Çekirdek ise yeni canlı oluşturmaya muktedir bölümü içeriyor, aslında en büyük önem çekirdeğe atfedilmiş. Vakfın amacı işte bu çekirdeğin içerisinde bulunanları insanlara ve ekonomiye hiçbir kayıp olmaksızın kazandırmak. Meyve suyu fabrikalarından gelen vişne çekirdeklerinden tutun, çörek otu tohumu ve ruşeyme varana dek bütün çekirdeklerin son derece değerli yağları çıkartılıyor. Ürünün saf olması amacıyla "sıvı (süperkritik) karbondioksit ekstraksiyonu" kullanan özel bir sistem geliştirmişler. Çekirdekler önce kırılıyor, sonra eleklerden geçirilerek kabuk içindeki kısım ayrıştırılıyor. Daha sonra yağ elde ediliyor. Karbondioksit herhangi bir reaksiyona girmediğinden ve uçtuğundan ürün saf kalıyor. Vişne, kiraz çekirdeklerinin kabukları zemin kaplamasında kullanılabilecek kompozit bir bileşene dönüştürülüyor. Bu ahşap türevi tik ağacı benzeri, dönme (işleme) özelliği olmayan bir materyal ve doğada tamamen geri dönüşebiliyor. İç çekirdeklerin yağ elde edilmesinden sonra kalan küspe ise çok güçlü bir gübreye dönüşüyor. Böylelikle meyve çekirdekleri tümüyle işlenmiş oluyor. Yağların bir kısmından ise geleneksel yöntemlerle (külden geçirilerek) doğal sabun hazırlanıyor.
 
Her sabah bir kaşık ruşeym ve çörek otu yağı, eksiğin tamamlanması
 
Vakfın dokuz kişilik bilimsel danışma kurulu, ürünlerin nasıl hazırlanacağı konusunda belirleyici kararları veriyor. Asıl amaç kozmetik ürün geliştirmek değil. Çünkü sadece ruşeym yağı (buğday embriyosunun özü) kullanılarak hepatit gibi pek çok hastalığın tedavi edilebilmesi mümkün görünüyor. Geçtiğimiz haftalarda tartıştığımız "destek dokusu - işlevsel doku" ilişkisini lütfen anımsayın, hastalığın oluşması, yani virüsün tutunup çoğalması için de elbette uygun zemin gerekiyor. Gıdanın endüstrileşmesinin hedeflediği "uzun raf ömrü" vücudun gerekten beslenebilmesi için çok önemli "bozulabilir unsuru" ortadan kaldırıyor.
 
Bu buğday söz konusu olduğunda ruşeymin ayrılmasını gerektiriyor (çünkü un ruşeymi tamsa artıyor, raf ömrü üç ay). Uzun raf ömrü hiçbir katkı maddesi kullanılmadan aşırı fiziksel işlemle de gerçekleştirilebiliyor (aşırı yüksek sıcaklık ve basınç).

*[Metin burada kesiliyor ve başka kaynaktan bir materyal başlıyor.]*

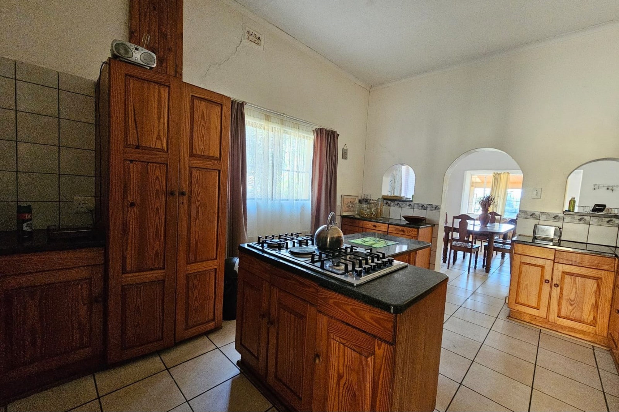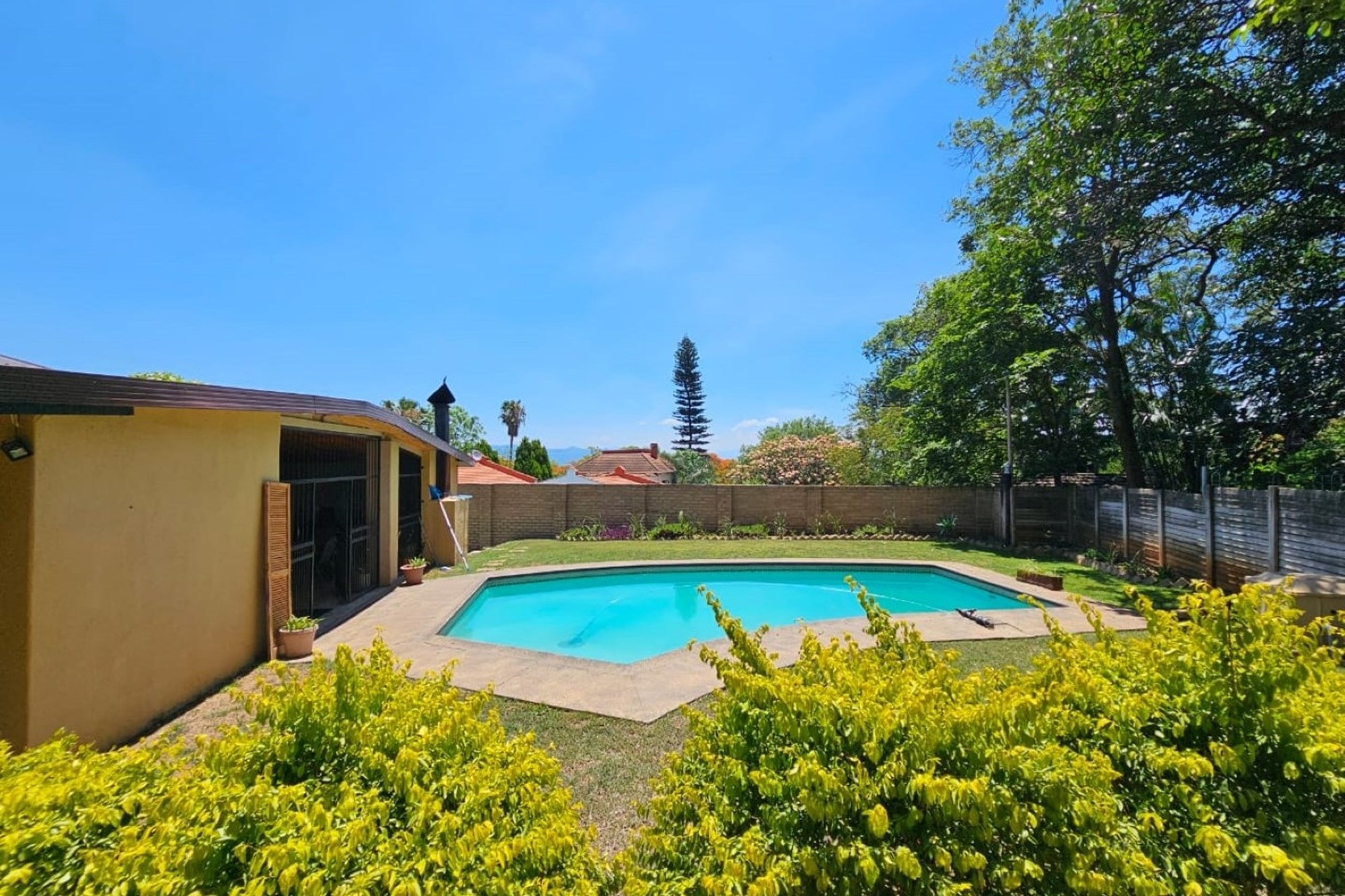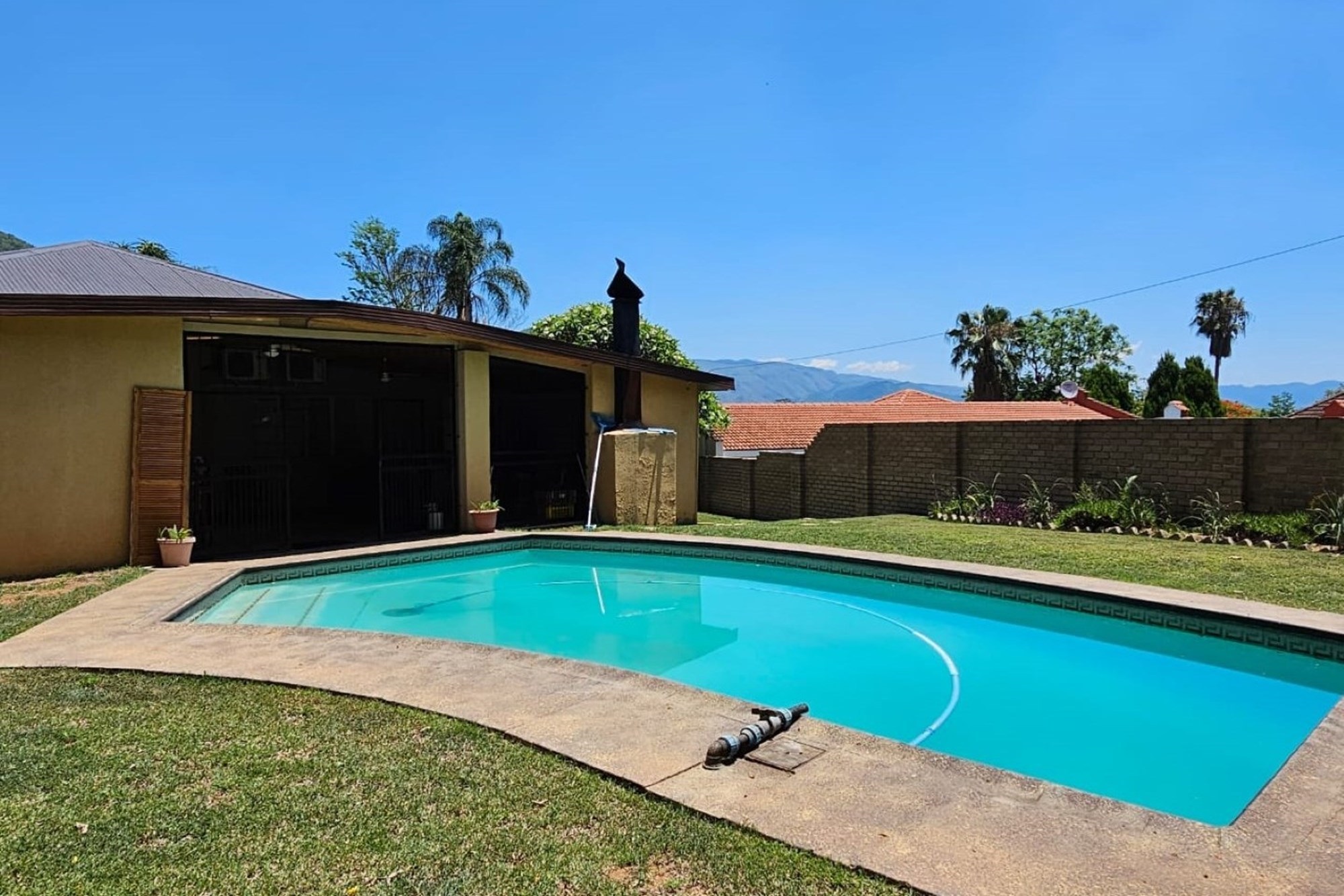 Spacious 3-Bedroom Home with Pool, Entertainment Area, Bachelors Flat and An Extra Large Double Garage Discover the potential of this generously sized 3-bedroom, 2-bathroom house, offering a perfect blend of space, convenience, and opportunity. Nestled in a desirable location close to town and schools, this property features: Key Features: Expansive Living Spaces: Enjoy the roomy, semi open-plan living and dining areas that provide ample space for family gatherings and relaxation. Well-Equipped Kitchen: The kitchen, while functional, offers a solid foundation for upgrades. It includes plenty of cabinet space and room for a dining nook or additional upgrades to create your dream culinary space. Luxurious Master Suite: The master bedroom is a tranquil retreat, featuring generous proportions and an en-suite bathroom. Two additional bedrooms offer comfort and flexibility for family or guests. Entertainment Paradise: , complete with a built-in braai (barbecue) and a sparkling pool. This outdoor oasis is ideal for hosting summer gatherings, weekend barbecues, or simply enjoying a sunny day with family and friends. Bachelors Flat: A separate bachelors flat adds versatility to the property. Perfect for guest accommodation, a home office, or rental income. Double Garage with Extra Space: The double garage is designed to accommodate up to 4 cars, providing ample space for vehicles and additional work space. Large Yard: The expansive yard is perfect for kids to play and dogs to roam freely. The large, open space offers endless possibilities for landscaping or outdoor activities. Opportunity for Improvement: While this home is structurally sound and well-located, it does require some TLC. With a bit of updating and personal touches, this property has the potential to be your dream home. Convenient Location: Situated close to town and reputable schools, this home offers easy access to essential amenities and daily conveniences. Extras:2 x 10 000 liter JOJO tanks Don’t miss out on this opportunity to create a personalized haven in a fantastic location. Schedule a viewing today and envision the possibilities for making this house your own!

Bütün meyve suları, hazır domates püreleri, hepsi aşırı fiziksel işlemden geçiriliyor (mutfakta kapağını açmama (ve akmasına rağmen cam şişe ambalajda "katkısız" diye satılan domates püresi 18. ayını doldurdu, maşallah küflenme bile yok). Bu hayati unsurlar insan ve hayvan vücudunda üretilebilen bileşikler değil, uzun süre eksikliği de hastalıkların tutunabilmesi için uygun zemini hazırlıyor. Mesela verem eskiden iyi beslenemeyen, sosyoekonomik durumu kötü insanlarda görünürdü, günümüzde marketlerin uzun raf ömürlü gıdaları hastalığın ekonomik durumu iyi kesimde de görülmesine zemin hazırlıyor. Benzer şey elbette hepatit için de geçerli. İşte Zekeriya Temizel ve arkadaşlarının çıktığı yol, gıdadan sinsice çekilip çıkarılan bu hayati unsurları bize geri kazandırmayı amaçlıyor.
 
Domates çekirdeğine talep çok, lakin "yasal" domateslerin çekirdeği yok
 
Ülke Politikaları Vakfı ve bilimsel danışma ekibinin hayata geçirdiği Tabia markası ticari anlamda henüz yeni gelişiyor. Ürün eczanelerden talep edilirse getirtiliyor. Dışarıdan en büyük talep ise domates çekirdeği yağı için gelmiş, hatta "hemen peşinat ödeyelim" demişler. Domateslerin çekirdekleri salça üreten fabrikalardan temin ediliyor, lakin çarşıdaki talep evdeki hesaba uymuyor. Çünkü salça fabrikalarına giren domateslerde ya çekirdek yok, ya da çekirdeğin içi tamamen boş. İşte bu durumda Gıda, Tarım ve Hayvancılık Bakanlığı'na sormamız gerekiyor, dış piyasalardan bile bu kadar büyük talep gelen bizim domateslerin çekirdekleri neden yok? Domates tohumunun kilosu son bıraktığımda 30 bin lira seviyesindeydi, Derken Tohum Yasası geldi, yerli sertifikasız tohumların ekilmesi ve satılması yasaklandı. Peki, bu yasa ve çekirdeksiz domates işinden kim kaybetti, en çok kim kazandı?